According to DORA, companies must classify a serious IT incident within 24 hours. An initial report for a classified IT incident must be submitted to the supervisory authority within four hours. This immediate notification is crucial for incidents that impact services, have significant operational impact, or involve security breaches that may affect service continuity or customer interests.
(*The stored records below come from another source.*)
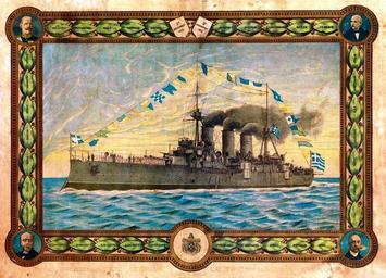 | Keywords: Cruiser Averof lithograph by Christidis.jpg  Averof for its role as the Greek fleet's flagship in the Balkan Wars Clockwise from top left are depicted King Constantine I of Greece the businessman Georgios Averoff Admiral Pavlos Kountouriotis and Prime Minister Eleftherios Venizelos The laurels bear the names of the Greek islands and coastal towns taken by the Greek navy and the two shields the dates of the two great naval battles of Elli and Lemnos Θ/Κ ΑΒΕΡΩΦ για τη δράση του στους Βαλκανικούς Πολέμους Δεξιόστροφα α ό  άνο αριστερά εικονίζονται ο βασιλιάς Κωνσταντίνος Α' της Ελλάδας ο εθνικός ευεργέτης Γεώργιος Αβέρωφ ο ναύαρχος Παύλος Κουντουριώτης και ο  ρωθυ ουργός Ελευθέριος Βενιζέλος Στα φύλλα δάφνης αναγράφονται τα ονόματα νήσων και  αραθαλασσίων  εριοχών  ου α ελευθερώθηκαν α ό τον Ελληνικό Στόλο και στους δυο θυρεούς αναγράφονται οι ημερομηνίες των ναυμαχιών της Έλλης και της Λήμνου 2010-05-10 scanned from original Creator Sotirios Christidis Custom license marker 2012 01 29 PD-old-70 Uploaded with UploadWizard Georgios Averof ship 1910 Lithographs of Greece Pavlos Kountouriotis Constantine I of Greece Eleftherios Venizelos in art Sotirios Christidis |
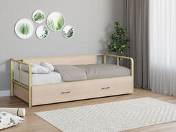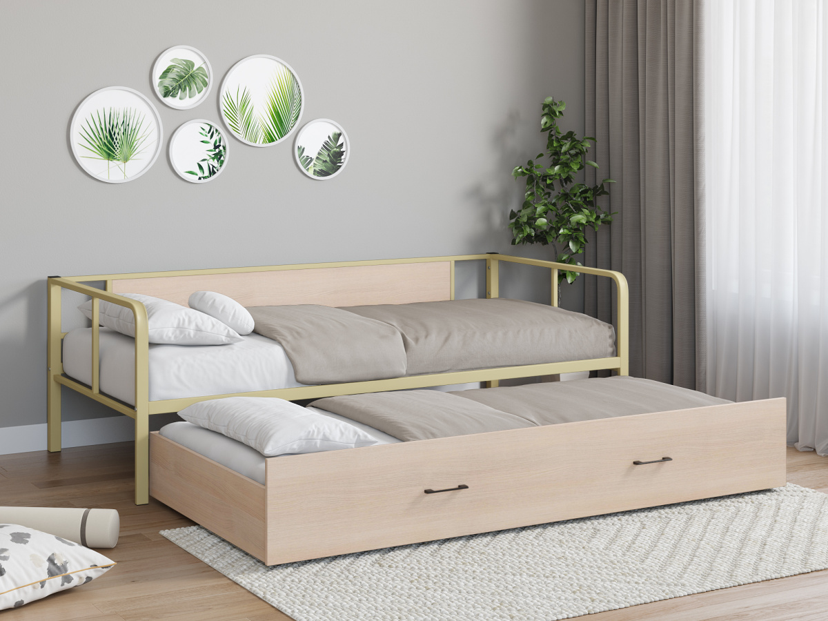 Кровать Арга Лофт 90 выкатная Слоновая кость/Дуб молочный
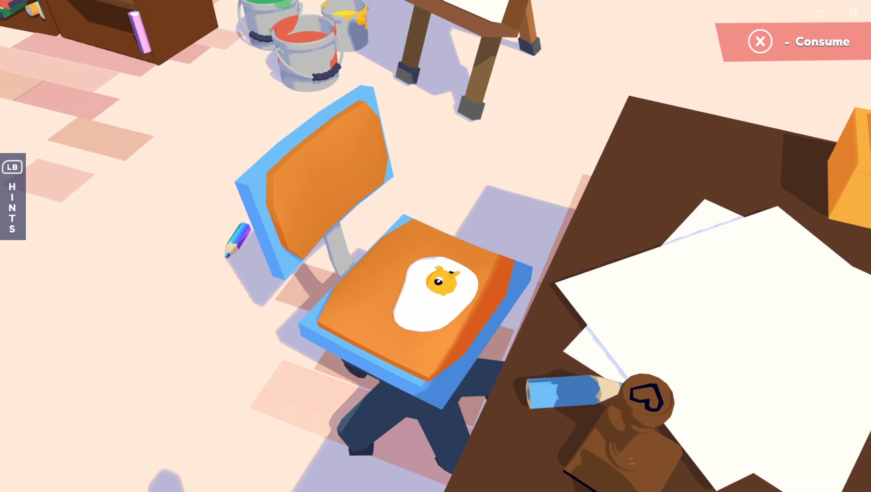The art direction of Henry Halfhead is colourful and approachable, but where it shines is when Henry becomes another object. I cannot imagine how much fun the developers had designing Henry as each of the hundreds of items he could be, from tomatoes and eggs to chairs and beds. I was always curious to see how Henry would look as a new item, and I can't think of a time when I was disappointed, but I can remember a couple that made me chuckle.

The regulation distinguishes the urgency and detail of reporting according to the severity and impact of the incident. Major ICT-related incidents and significant cyber threats require faster and more comprehensive notifications to the authorities. Every major ICT-related incident must be reported individually; entities are not permitted to submit combined or aggregated reports covering multiple incidents.

Interim and final reports are also required, each with specific contents, fixed deadlines, and standardized formats. These reports aim to ensure that serious digital disruptions are communicated to regulatory authorities without delay, with a strong emphasis on individual incident transparency and customer notification.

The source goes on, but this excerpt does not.